Start of DATA TO EXAMINE

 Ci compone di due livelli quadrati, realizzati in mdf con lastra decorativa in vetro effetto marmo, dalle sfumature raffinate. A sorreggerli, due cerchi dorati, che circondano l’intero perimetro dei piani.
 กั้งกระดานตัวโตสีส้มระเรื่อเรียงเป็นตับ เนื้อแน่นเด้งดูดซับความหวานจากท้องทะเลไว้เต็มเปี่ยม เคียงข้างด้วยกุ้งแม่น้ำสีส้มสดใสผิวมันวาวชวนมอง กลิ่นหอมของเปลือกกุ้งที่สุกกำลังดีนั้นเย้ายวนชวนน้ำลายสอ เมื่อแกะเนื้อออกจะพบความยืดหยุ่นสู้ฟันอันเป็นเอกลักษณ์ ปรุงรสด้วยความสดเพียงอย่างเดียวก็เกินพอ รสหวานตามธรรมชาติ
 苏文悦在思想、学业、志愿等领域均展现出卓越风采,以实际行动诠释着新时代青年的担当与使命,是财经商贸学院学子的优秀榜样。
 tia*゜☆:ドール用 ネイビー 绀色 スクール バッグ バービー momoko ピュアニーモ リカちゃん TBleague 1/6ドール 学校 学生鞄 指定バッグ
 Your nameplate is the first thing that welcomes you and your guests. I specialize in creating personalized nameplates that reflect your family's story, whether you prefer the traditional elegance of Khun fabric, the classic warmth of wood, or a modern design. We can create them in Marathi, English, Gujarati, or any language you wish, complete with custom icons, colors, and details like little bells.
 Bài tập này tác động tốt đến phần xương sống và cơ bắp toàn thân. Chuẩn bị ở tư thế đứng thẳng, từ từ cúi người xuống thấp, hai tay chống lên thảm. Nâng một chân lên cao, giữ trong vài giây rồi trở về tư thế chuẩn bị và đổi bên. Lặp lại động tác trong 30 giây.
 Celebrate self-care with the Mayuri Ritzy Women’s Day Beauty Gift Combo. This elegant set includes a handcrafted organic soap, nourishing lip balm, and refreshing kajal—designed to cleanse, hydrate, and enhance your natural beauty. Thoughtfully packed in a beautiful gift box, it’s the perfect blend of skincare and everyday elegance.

End of DATA TO EXAMINE

**EXERCISE REQUIREMENTS**
Return only what runs from the line containing "Bài tập này" to the last line of the records above, both ends included, exactly as written.

**EXPECTED ANSWER**
 Bài tập này tác động tốt đến phần xương sống và cơ bắp toàn thân. Chuẩn bị ở tư thế đứng thẳng, từ từ cúi người xuống thấp, hai tay chống lên thảm. Nâng một chân lên cao, giữ trong vài giây rồi trở về tư thế chuẩn bị và đổi bên. Lặp lại động tác trong 30 giây.
 Celebrate self-care with the Mayuri Ritzy Women’s Day Beauty Gift Combo. This elegant set includes a handcrafted organic soap, nourishing lip balm, and refreshing kajal—designed to cleanse, hydrate, and enhance your natural beauty. Thoughtfully packed in a beautiful gift box, it’s the perfect blend of skincare and everyday elegance.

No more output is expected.